━━━━━ Data for analysis ━━━━━

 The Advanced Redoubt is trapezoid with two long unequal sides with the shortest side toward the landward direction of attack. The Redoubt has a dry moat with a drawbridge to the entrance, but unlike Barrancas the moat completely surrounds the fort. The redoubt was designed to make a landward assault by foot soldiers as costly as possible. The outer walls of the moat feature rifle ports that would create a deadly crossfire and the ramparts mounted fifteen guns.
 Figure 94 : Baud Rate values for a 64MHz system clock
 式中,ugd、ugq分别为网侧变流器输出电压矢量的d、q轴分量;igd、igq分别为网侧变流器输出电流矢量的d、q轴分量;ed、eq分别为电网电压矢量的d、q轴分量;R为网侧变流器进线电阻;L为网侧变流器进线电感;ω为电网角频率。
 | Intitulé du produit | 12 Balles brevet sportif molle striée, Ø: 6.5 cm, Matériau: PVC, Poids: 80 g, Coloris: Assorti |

━━━━━
━━━━━ Data for analysis ━━━━━

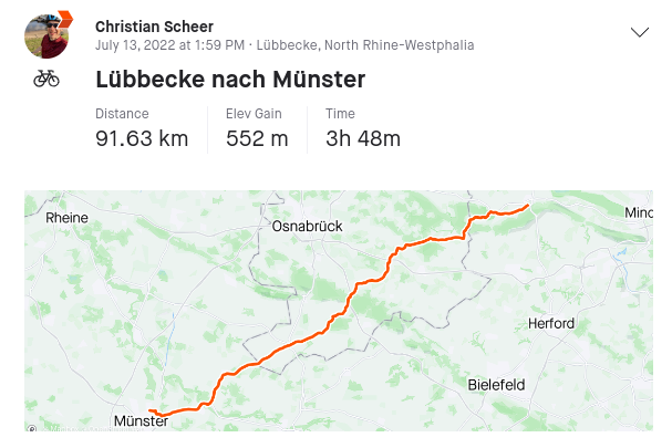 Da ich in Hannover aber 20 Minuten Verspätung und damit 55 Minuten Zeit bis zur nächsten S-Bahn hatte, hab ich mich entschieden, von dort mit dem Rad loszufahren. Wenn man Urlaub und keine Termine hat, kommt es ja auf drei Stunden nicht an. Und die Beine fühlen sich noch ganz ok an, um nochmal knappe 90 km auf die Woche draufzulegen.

━━━━━

• **What is needed**: Copy verbatim, from the listing above, each line from the one containing "The Advanced Redoubt" down to the one containing "Coloris: Assorti |", inclusive.

• **Answer box**:
 The Advanced Redoubt is trapezoid with two long unequal sides with the shortest side toward the landward direction of attack. The Redoubt has a dry moat with a drawbridge to the entrance, but unlike Barrancas the moat completely surrounds the fort. The redoubt was designed to make a landward assault by foot soldiers as costly as possible. The outer walls of the moat feature rifle ports that would create a deadly crossfire and the ramparts mounted fifteen guns.
 Figure 94 : Baud Rate values for a 64MHz system clock
 式中,ugd、ugq分别为网侧变流器输出电压矢量的d、q轴分量;igd、igq分别为网侧变流器输出电流矢量的d、q轴分量;ed、eq分别为电网电压矢量的d、q轴分量;R为网侧变流器进线电阻;L为网侧变流器进线电感;ω为电网角频率。
 | Intitulé du produit | 12 Balles brevet sportif molle striée, Ø: 6.5 cm, Matériau: PVC, Poids: 80 g, Coloris: Assorti |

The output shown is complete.